夜色吞噬了京都的轮廓,又在第二天的晨雾中将其吐出。
禅院家内院深处,那座常年贴着封条的地下演武场大门被粗暴地推开。里面没有任何取暖设备,空气中弥漫着陈年血迹与尘土混合的生冷气息。
“砰——!”
一声沉闷的巨响在空旷的地下室里回荡。
一个穿着黑色练功服的小小身影如同被高速行驶的列车撞击,直接倒飞出去十几米,狠狠地砸在布满刮痕的石壁上,震得整面墙的灰尘簌簌落下。
直哉贴着墙壁滑落,小巧的五官因为剧痛扭曲在一起,嘴角溢出一丝鲜血。他大口地喘着粗气,死死盯着站在演武场中央的那个男人。

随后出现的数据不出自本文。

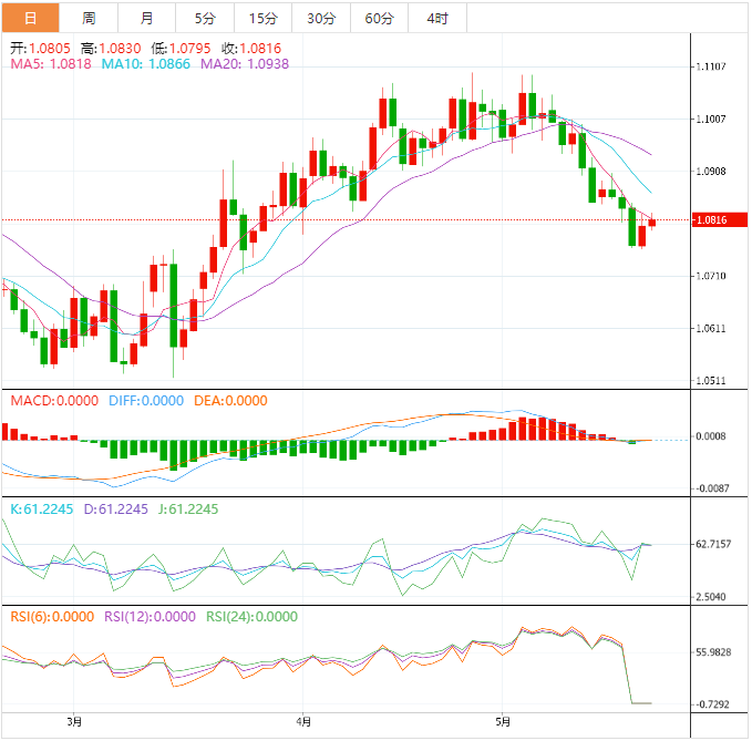 到目前为止,欧元兑美元在1.0800处下跌了0.04%,并面临着1.0759(5月19日的月最低价)的直接竞争,其次是1.0712(3月24日的最低价),最后是1.0516(3月15日的最低价)。

禅院直毘人连外衣都没脱,双手插在袖兜里,脚下的木屐甚至连位置都没有挪动过半分。他打了个酒嗝,那双布满血丝的眼睛里透着毫不掩饰的狂放。
“太慢了。”直毘人吐出一口带着酒味的浊气,“老子闭着眼睛都能猜到你要从哪个角度挥拳。就这点速度也想伤到我?”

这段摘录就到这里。